I am trying to exploit SDF structure on a “flagged library”. This library is composed of many scaffolds having 2 Iodines “flagging” the exit vector positions.
I have 2 tasks on this library:
1) Get the distance between the 2 Iodine atoms.
2) Get the torsion angle between the 2 exit vectors.
I have managed to extract the coordinates of my 2 Iodines atoms to get the distance with a not very elegant succession of string manipulation nodes. So “1)” is done.
Regarding 2), I would really appreciate some help. Each molecule has the following structure: a first block (here in bold) of atomic coordinates and the second block of bond description. The first block has X Y Z coordinates and then the atomic element followed by characterisations of that element that I do not need for that applications (mostly 0s and somes 1s). The second block is composed of 4 digits of which only the first 2 are important. They describe which atoms are linked together by their numbering which is determined by their row number in the first block).
I need to:
=> numbering the row inside that string cell
=> identify the row in which the 2 iodines are located (row 4 and 27 in the example below)

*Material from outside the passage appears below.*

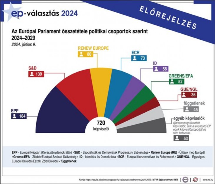 A vasárnapi választásokon a jobbközép Európai Néppárt (EPP) szerezte meg az első helyet 184 mandátummal, így a szocialisták és demokraták (S&D) a második helyen állnak 139-cel, a liberális Megújulás frakció pedig 80 mandátummal - írja az Euractiv

=> go to the bond description block and find, within the first 2 digits of each row, either 4 or 27
=> Extract the other “atom number” of each pair number (here 1 and 22, in bold as well)
=> Use these 2 new numbers to extract the coordinates of the corresponding atoms in the atom block
The output should be essentially 12 new columns, Iodine 1 X, Iodine 1 Y, Iodine 1 Z, Partner 1 X, Partner 1 Y, Partner 1 Z, Iodine 2 X, …, Partner 2 Z.
I would really appreciate any help! Also if someone knows how to match for any letter in the sting manipulation node that would also allow me to finish the project, separating the atom block from the bond block by doing a backward search for the last letter and then getting the “row numbers” with a \n cell splitter.
Hi @avalery can you elaborate more on those lines you wrote?
Also, I have 2 additional queries:
The two blocks; are they inside the same table in KNIME? Or do they belong to different tables? Perhaps you can upload the dataset.
You mentioned ‘numbering the row inside that string cell’. Not sure which cell you’re referring to, which brings me back to my first question about how the dataset is structured in a tabular form.
Sure. Essentially you have 4 atoms involved in the 2 exit vectors. In this example it is one C-I bond and one N-I bond.
This means that you have 4 “lines of interest” in the atom block. Here, the lines that interest us are 1 and 4 as the first pair and 22 and 27 as the second pair.
1&4 -3.2355 0.3926 -0.4140 C 0 0 0 0 0 0 0 0 0 0 0 0 -3.2674 2.2798 0.5824 I 0 0 0 0 0 0 0 0 0 0 0 0
searching for the lines containing “I” (letter i in capital). Here 4 and 27
Figuring out to which atoms they are connected. Here 1 and 22 (these are the 2 “new numbers” I was referring to)
Once you have figured out which atom are connected to Iodine, you need to create the 2 vectors based on the two pairs of atoms.
So, with Partner 1 being on line 1 of the atom block, and Iodine 1 being on line 4 of the atom block and Partner 2 being on line 22 and Iodine 2 being on line 27:
Vector 1 = sqrt((Iodine 1 X - Partner 1 X)^2+(Iodine 1 Y - Partner 1 Y)^2+(Iodine 1 Z - Partner 1 Z)^2)
Vector 2 = sqrt((Iodine 2 X - Partner 2 X)^2+(Iodine 2 Y - Partner 2 Y)^2+(Iodine 2 Z - Partner 2 Z)^2)
Yes, they are even in one single cell, making the “row numbering” part a hassle.
Hi @avalery I’ve tried using an SDF file from one of the workflows in the hub, but it seems like your bond block has a different format. Here’s what I have (after converting it to a workable table):
Because of the different formats, it wouldn’t matter what I do since my workflow won’t be applicable to your dataset.
Unless you upload your dataset (or even better, the workflow itself), I can do nothing further.
My SDF are generated with RDKit, I guess that can explain the different format. I am sorry but I am not allowed to share the workflow. I cannot attach SDF as it is not authorized by the website. I saved it as text if you would like to take a look.
Unfortunately a .txt file will appear differently when being read in KNIME. It’s a totally different thing. I’m afraid this is where we diverge our paths. Wish you all the best & hope you found the solution!
Then working on each molecule individually, I parse the CTAB block to find the atom indices of the iodine atoms and the connected carbon atoms, and convert the atom indices to flow variables:
Thank you so much! I will try to use it and set up anaconda!
Yesterday I managed to get to isolating coordinates for all the involved atoms but I am using so many Nodes … This solution seems so much more elegant!